Consider the function
$$f_X(x)= \frac{(x^2)^{\frac{k-1}{2}}e^{-\frac{x^2}{2}}}{\sqrt{\pi}\Gamma(\frac{k}{2}) 2^{\frac{k}{2}}} U(\frac{1}{2} , \frac{k+1}{2},\frac{x^2}{2}), \quad k>0, \quad x\in R,$$
where $U(a,b,z)$ is the Trichome's function.
For different values of $k$ the figure of $f(x)$ is as follows:
for $k<2$ it is obvious it has one peak at $x=0$. But for $k\geq 3$ it has two peaks. The main problem is how to find these peaks(for k>=3)?!

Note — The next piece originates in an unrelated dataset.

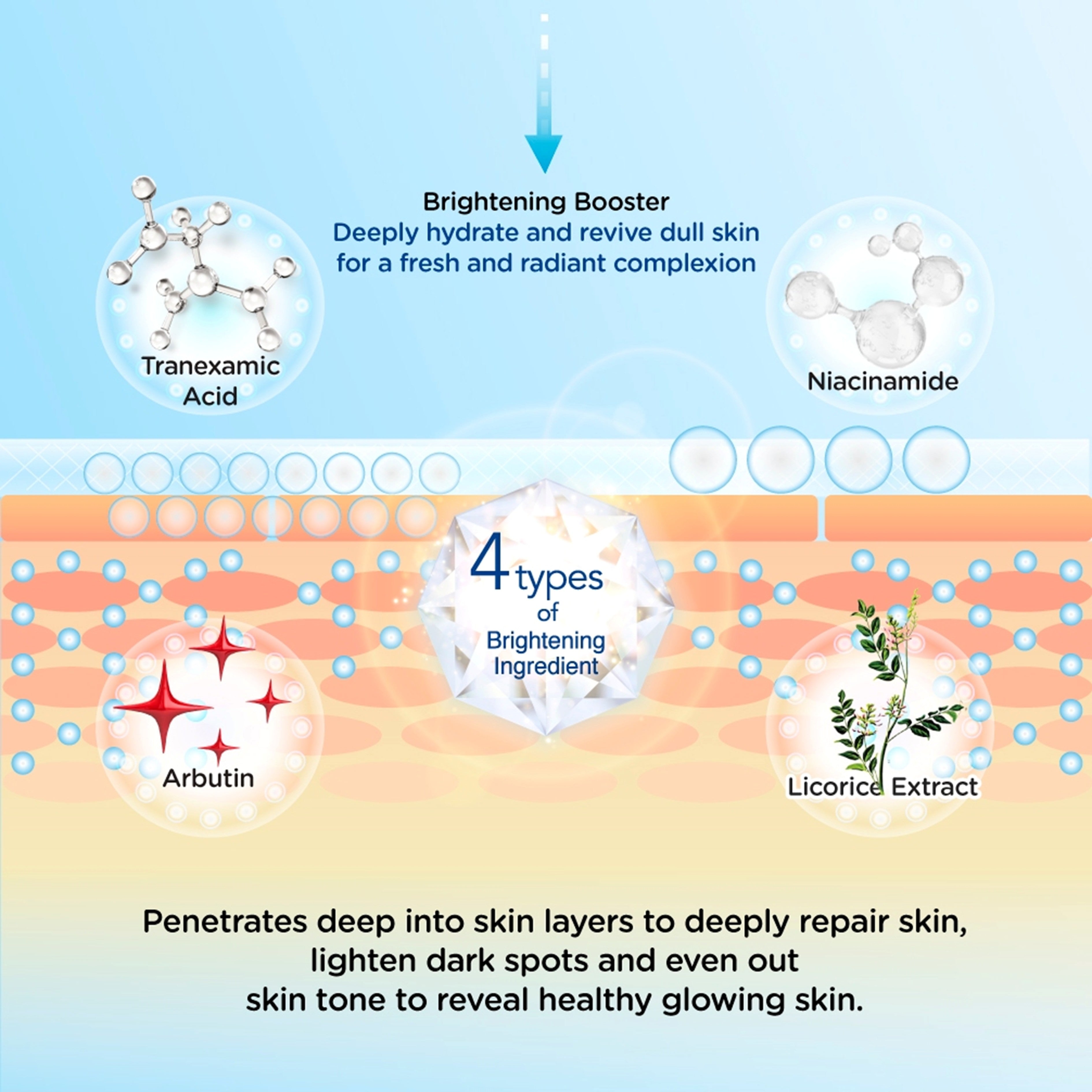 Hada Labo Deep Whitening Kotojyun Mask is a High Penetrating Serum mask infused with 4 types of highly concentrated brightening ingredients i.e. Arbutin, Tranexamic Acid, Niacinamide and Licorice Extract for intensive brightening care. The beauty serum penetrates deep into skin layers to deeply repair skin, lighten dark spots and even out skin tone to reveal healthy glowing skin.

I want to find these peaks by solving $$\frac{\partial }{\partial x} \log f(x)=0$$
By HypergeometricU we have
$$\frac{\partial }{\partial z} U(a,b,z)=-a U(a+1,b+1,z).$$
By defining $z=x^2$ and $\frac{\partial }{\partial x} \log f(x)=\frac{\partial }{\partial z}\frac{\partial z }{\partial x} \log f(x)$ so it is obvious in $x=0$, $f^\prime (x)=0$.
So it is enough to find $$\frac{\partial }{\partial z} \log f(z)=0,$$ where $$f(z)= \frac{(z)^{\frac{k-1}{2}}e^{-\frac{z}{2}}}{\sqrt{\pi}\Gamma(\frac{k}{2}) 2^{\frac{k}{2}}} U(\frac{1}{2} , \frac{k+1}{2},\frac{z}{2}).$$
By derivation we have
\begin{eqnarray*} \frac{\partial }{\partial z} \log f(z) &=&\frac{\partial }{\partial z} \log \left( \frac{(z)^{\frac{k-1}{2}}e^{-\frac{z}{2}}}{\sqrt{\pi}\Gamma(\frac{k}{2}) 2^{\frac{k}{2}}} U(\frac{1}{2} , \frac{k+1}{2},\frac{z}{2}) \right) \\ &= & \frac{k-1}{2} \frac{\partial }{\partial z} \log z +\frac{\partial }{\partial z} \left( -\frac{z}{2} \right) + \frac{\partial }{\partial z}\log U(\frac{1}{2} , \frac{k+1}{2},\frac{z}{2}) \\ &= & \frac{k-1}{2} \frac{1}{z} -\frac{1}{2}-\frac{1}{2} \times \frac{1}{2} \times \frac{U(\frac{1}{2}+1 , \frac{k+1}{2}+1,\frac{z}{2})}{U(\frac{1}{2} , \frac{k+1}{2},\frac{z}{2})} \\ &\propto & \frac{1}{4z} \left( 2(k-1)-2z-z \frac{U(\frac{3}{2} , \frac{k+3}{2},\frac{z}{2})}{U(\frac{1}{2} , \frac{k+1}{2},\frac{z}{2})} \right) \end{eqnarray*}
The problem is How to solve $2(k-1)-2z-z \frac{U(\frac{3}{2} , \frac{k+3}{2},\frac{z}{2})}{U(\frac{1}{2} , \frac{k+1}{2},\frac{z}{2})}=0$ ? Is there a way to solve the above equation?! Is there a better way to solve the main problem(finding the peak location)?